[Records for processing — start]

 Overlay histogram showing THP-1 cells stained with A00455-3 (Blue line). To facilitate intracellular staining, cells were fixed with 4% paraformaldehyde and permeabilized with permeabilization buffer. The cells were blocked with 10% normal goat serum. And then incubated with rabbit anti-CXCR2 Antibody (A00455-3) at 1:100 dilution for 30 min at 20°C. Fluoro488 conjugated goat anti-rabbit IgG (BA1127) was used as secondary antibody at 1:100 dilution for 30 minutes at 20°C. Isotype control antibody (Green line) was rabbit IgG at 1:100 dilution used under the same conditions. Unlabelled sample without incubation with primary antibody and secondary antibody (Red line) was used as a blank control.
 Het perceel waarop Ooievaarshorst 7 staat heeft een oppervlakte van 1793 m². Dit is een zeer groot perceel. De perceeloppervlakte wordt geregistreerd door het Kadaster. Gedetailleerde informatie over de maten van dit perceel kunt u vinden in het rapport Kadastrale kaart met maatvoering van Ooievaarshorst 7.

[Records for processing — finish]
[Records for processing — start]

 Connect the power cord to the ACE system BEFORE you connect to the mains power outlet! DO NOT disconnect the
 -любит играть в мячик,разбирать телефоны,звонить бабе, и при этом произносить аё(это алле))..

[Records for processing — finish]
[Records for processing — start]

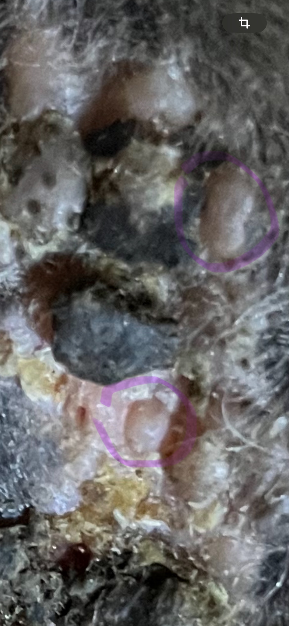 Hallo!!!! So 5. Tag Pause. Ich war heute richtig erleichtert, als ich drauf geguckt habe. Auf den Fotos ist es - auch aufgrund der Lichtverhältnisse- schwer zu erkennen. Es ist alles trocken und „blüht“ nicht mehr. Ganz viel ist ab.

[Records for processing — finish]

* [Aim of the exercise]: Within the material above, copy exactly the lines from the line that holds "Overlay histogram showing" up to and including the line that holds "Het perceel waarop".

* [Result of the task]:
 Overlay histogram showing THP-1 cells stained with A00455-3 (Blue line). To facilitate intracellular staining, cells were fixed with 4% paraformaldehyde and permeabilized with permeabilization buffer. The cells were blocked with 10% normal goat serum. And then incubated with rabbit anti-CXCR2 Antibody (A00455-3) at 1:100 dilution for 30 min at 20°C. Fluoro488 conjugated goat anti-rabbit IgG (BA1127) was used as secondary antibody at 1:100 dilution for 30 minutes at 20°C. Isotype control antibody (Green line) was rabbit IgG at 1:100 dilution used under the same conditions. Unlabelled sample without incubation with primary antibody and secondary antibody (Red line) was used as a blank control.
 Het perceel waarop Ooievaarshorst 7 staat heeft een oppervlakte van 1793 m². Dit is een zeer groot perceel. De perceeloppervlakte wordt geregistreerd door het Kadaster. Gedetailleerde informatie over de maten van dit perceel kunt u vinden in het rapport Kadastrale kaart met maatvoering van Ooievaarshorst 7.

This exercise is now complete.